- April 7, 1989
- Data Compression Algorithms of LARC and LHarc
- Haruhiko Okumura*
- * The author is the Sysop of the Science SIG of PV-VAN. His
- address is: 12-2-404 Green Heights, 580 Nagasawa, Yokosuka
- 239, Japan
- 1. Introduction
- In the spring of 1988, I wrote a very simple data compression program
- named LZSS in C language, and uploaded it to the Science SIG (forum)
- of PC-VAN, Japan's biggest personal computer network.
- That program was based on Storer and Szymanski's slightly modified
- version of one of Lempel and Ziv's algorithms. Despite its simplic-
- ity, for most files its compression outperformed the archivers then
- widely used.
- Kazuhiko Miki rewrote my LZSS in Turbo Pascal and assembly language,
- and soon made it evolve into a complete archiver, which he named
- The first versions of LZSS and LARC were rather slow. So I rewrote
- my LZSS using a binary tree, and so did Miki. Although LARC's
- encoding was slower than the fastest archiver available, its decoding
- was quite fast, and its algorithm was so simple that even self-
- extracting files (compressed files plus decoder) it created were
- usually smaller than non-self-extracting files from other archivers.
- Soon many hobby programmers joined the archiver project at the forum.
- Very many suggestions were made, and LARC was revised again and
- again. By the summer of 1988, LARC's speed and compression have
- improved so much that LARC-compressed programs were beginning to be
- uploaded in many forums of PC-VAN and other networks.
- In that summer I wrote another program, LZARI, which combined the
- LZSS algorithm with adaptive arithmetic compression. Although it was
- slower than LZSS, its compression performance was amazing.
- Miki, the author of LARC, uploaded LZARI to NIFTY-Serve, another big
- information network in Japan. In NIFTY-Serve, Haruyasu Yoshizaki
- replaced LZARI's adaptive arithmetic coding with a version of
- adaptive Huffman coding to increase speed. Based on this algorithm,
- which he called LZHUF, he developed yet another archiver, LHarc.

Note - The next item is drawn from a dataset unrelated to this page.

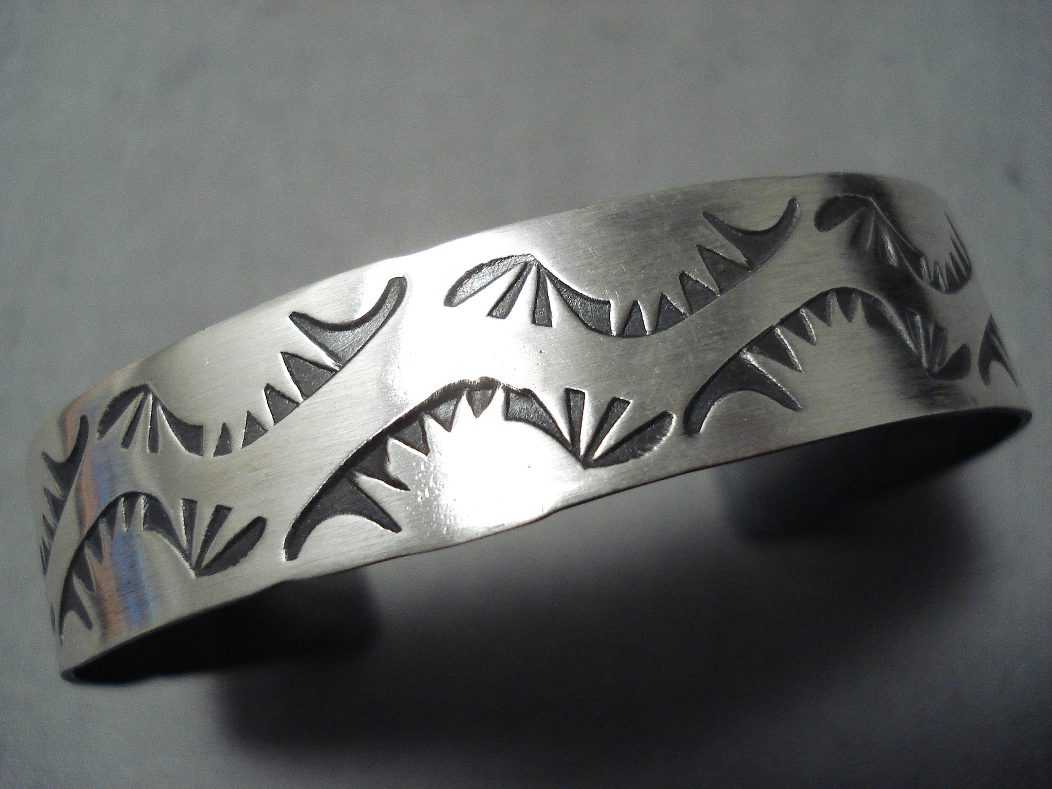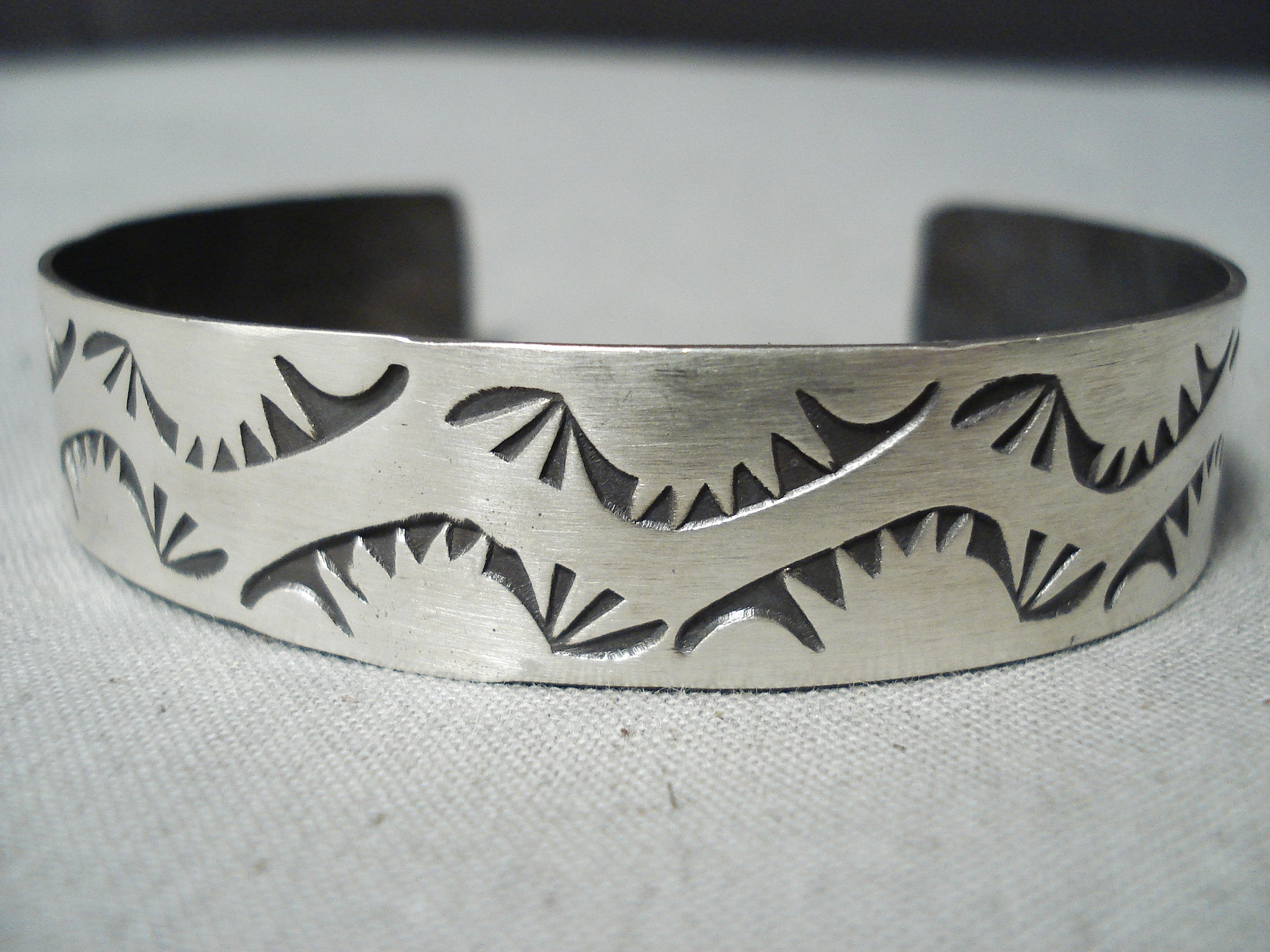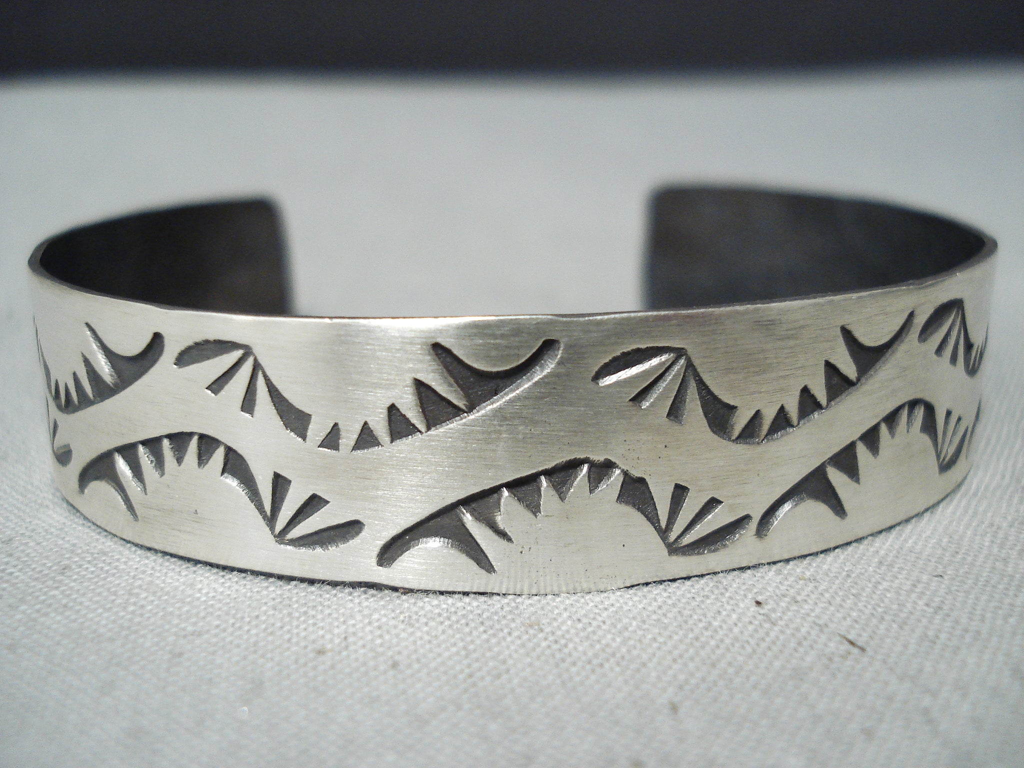 This is an amazing vintage Navajo silver bracelet. From end to end, these unique handstamped wave designs beautifully decorate the entire cuff! The width of the bracelet measures around 1/2". Sterling silver, marked. The inside end to end measures around 5-1/8" with an additional 1-1/8" gap. Sturdy 16 grams.

- In what follows, I will review several of these algorithms and supply
- simplified codes in C language.
- 2. Simple coding methods
- Replacing several (usually 8 or 4) "space" characters by one "tab"
- character is a very primitive method for data compression. Another
- simple method is run-length coding, which encodes the message
- "AAABBBBAACCCC" into "3A4B2A4C", for example.
- 3. LZSS coding
- This scheme is initiated by Ziv and Lempel [1]. A slightly modified
- version is described by Storer and Szymanski [2]. An implementation
- using a binary tree is proposed by Bell [3]. The algorithm is quite
- simple: Keep a ring buffer, which initially contains "space"
- characters only. Read several letters from the file to the buffer.
- Then search the buffer for the longest string that matches the
- letters just read, and send its length and position in the buffer.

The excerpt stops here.